Available data:
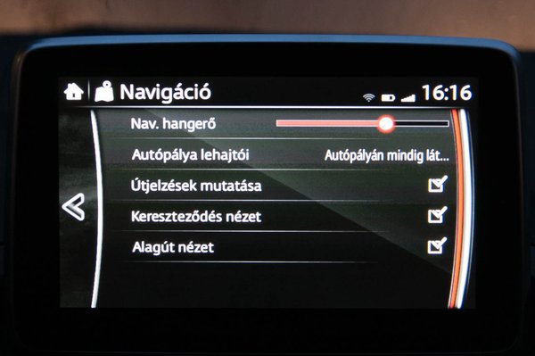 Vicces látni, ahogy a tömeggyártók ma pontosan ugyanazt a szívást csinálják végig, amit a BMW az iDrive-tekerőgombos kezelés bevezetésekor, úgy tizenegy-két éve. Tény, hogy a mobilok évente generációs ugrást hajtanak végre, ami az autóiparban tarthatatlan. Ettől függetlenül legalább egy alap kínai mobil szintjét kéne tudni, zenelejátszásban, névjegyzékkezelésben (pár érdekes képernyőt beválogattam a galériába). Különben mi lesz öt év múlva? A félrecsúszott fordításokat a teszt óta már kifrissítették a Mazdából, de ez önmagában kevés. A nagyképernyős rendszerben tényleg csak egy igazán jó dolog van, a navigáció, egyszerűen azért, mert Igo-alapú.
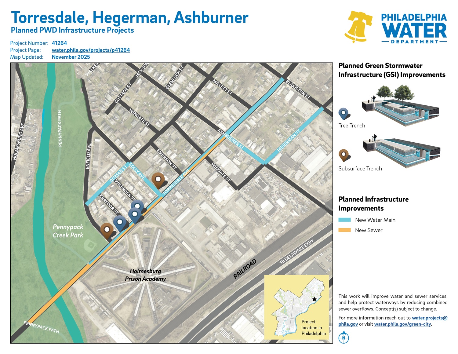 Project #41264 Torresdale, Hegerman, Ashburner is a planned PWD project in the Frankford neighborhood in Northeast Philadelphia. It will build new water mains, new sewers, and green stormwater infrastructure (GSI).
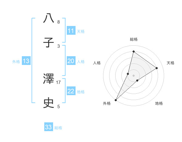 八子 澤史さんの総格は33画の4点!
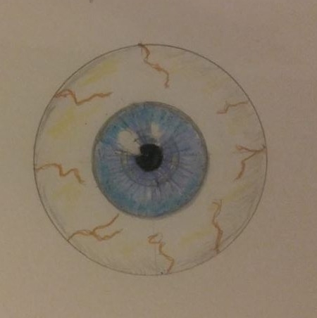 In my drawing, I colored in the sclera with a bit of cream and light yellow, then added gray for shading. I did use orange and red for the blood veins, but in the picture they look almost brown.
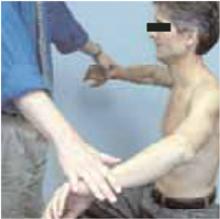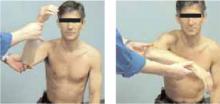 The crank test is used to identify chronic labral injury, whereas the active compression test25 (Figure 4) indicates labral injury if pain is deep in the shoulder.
---
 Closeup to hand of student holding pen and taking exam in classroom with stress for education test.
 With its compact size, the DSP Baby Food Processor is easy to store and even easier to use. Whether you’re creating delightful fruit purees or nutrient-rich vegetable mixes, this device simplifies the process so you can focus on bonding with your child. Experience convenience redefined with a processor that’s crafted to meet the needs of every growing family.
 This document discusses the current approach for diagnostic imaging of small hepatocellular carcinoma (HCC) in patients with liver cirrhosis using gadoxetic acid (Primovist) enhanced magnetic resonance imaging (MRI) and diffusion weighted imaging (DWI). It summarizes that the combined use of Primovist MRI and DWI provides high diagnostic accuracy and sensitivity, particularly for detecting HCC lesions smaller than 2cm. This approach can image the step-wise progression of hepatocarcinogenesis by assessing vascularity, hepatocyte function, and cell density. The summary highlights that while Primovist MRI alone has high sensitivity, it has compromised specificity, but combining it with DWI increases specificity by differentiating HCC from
--
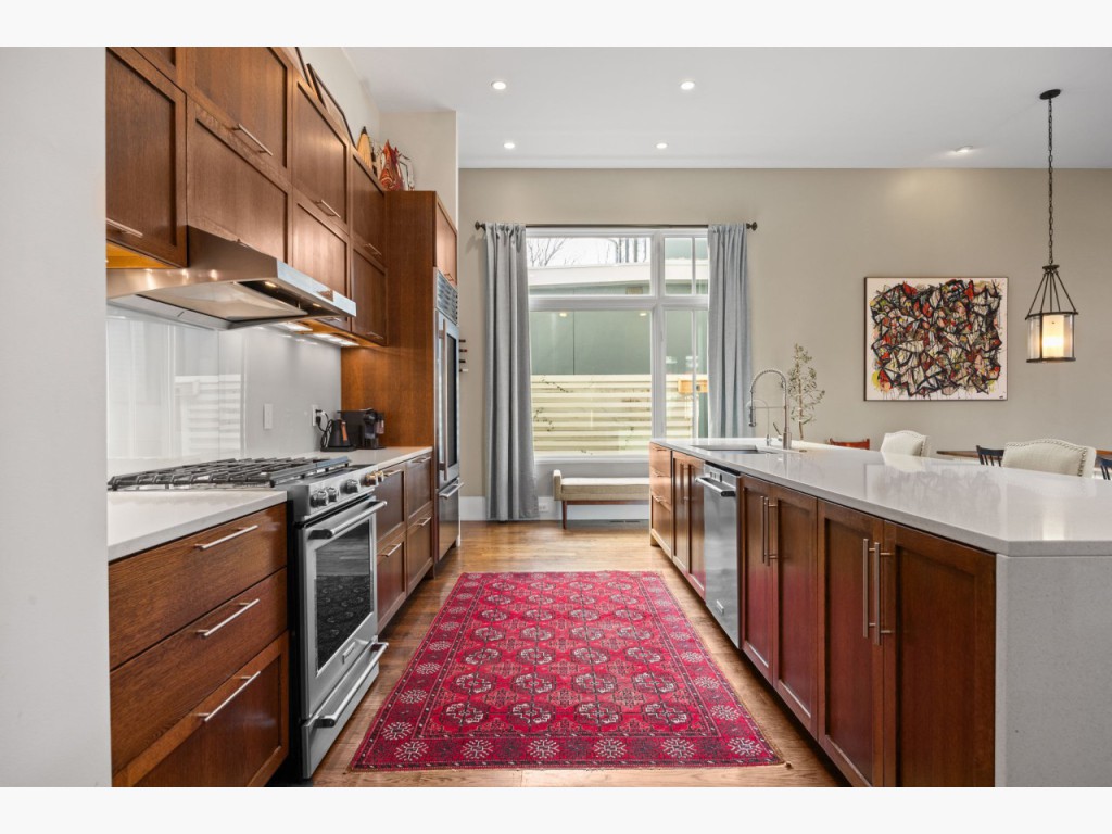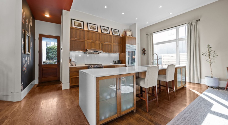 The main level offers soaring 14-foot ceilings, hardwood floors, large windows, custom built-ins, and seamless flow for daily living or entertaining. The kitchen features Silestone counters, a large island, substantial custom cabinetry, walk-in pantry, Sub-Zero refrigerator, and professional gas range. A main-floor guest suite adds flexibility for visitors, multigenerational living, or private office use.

Directions: Leave out every picture, and copy exactly the lines above starting at the one holding "八子 澤史さんの総格は33画の4点!" and ending at the one holding "The crank test", no more and no less.

Answer space:
 八子 澤史さんの総格は33画の4点!
 In my drawing, I colored in the sclera with a bit of cream and light yellow, then added gray for shading. I did use orange and red for the blood veins, but in the picture they look almost brown.
 The crank test is used to identify chronic labral injury, whereas the active compression test25 (Figure 4) indicates labral injury if pain is deep in the shoulder.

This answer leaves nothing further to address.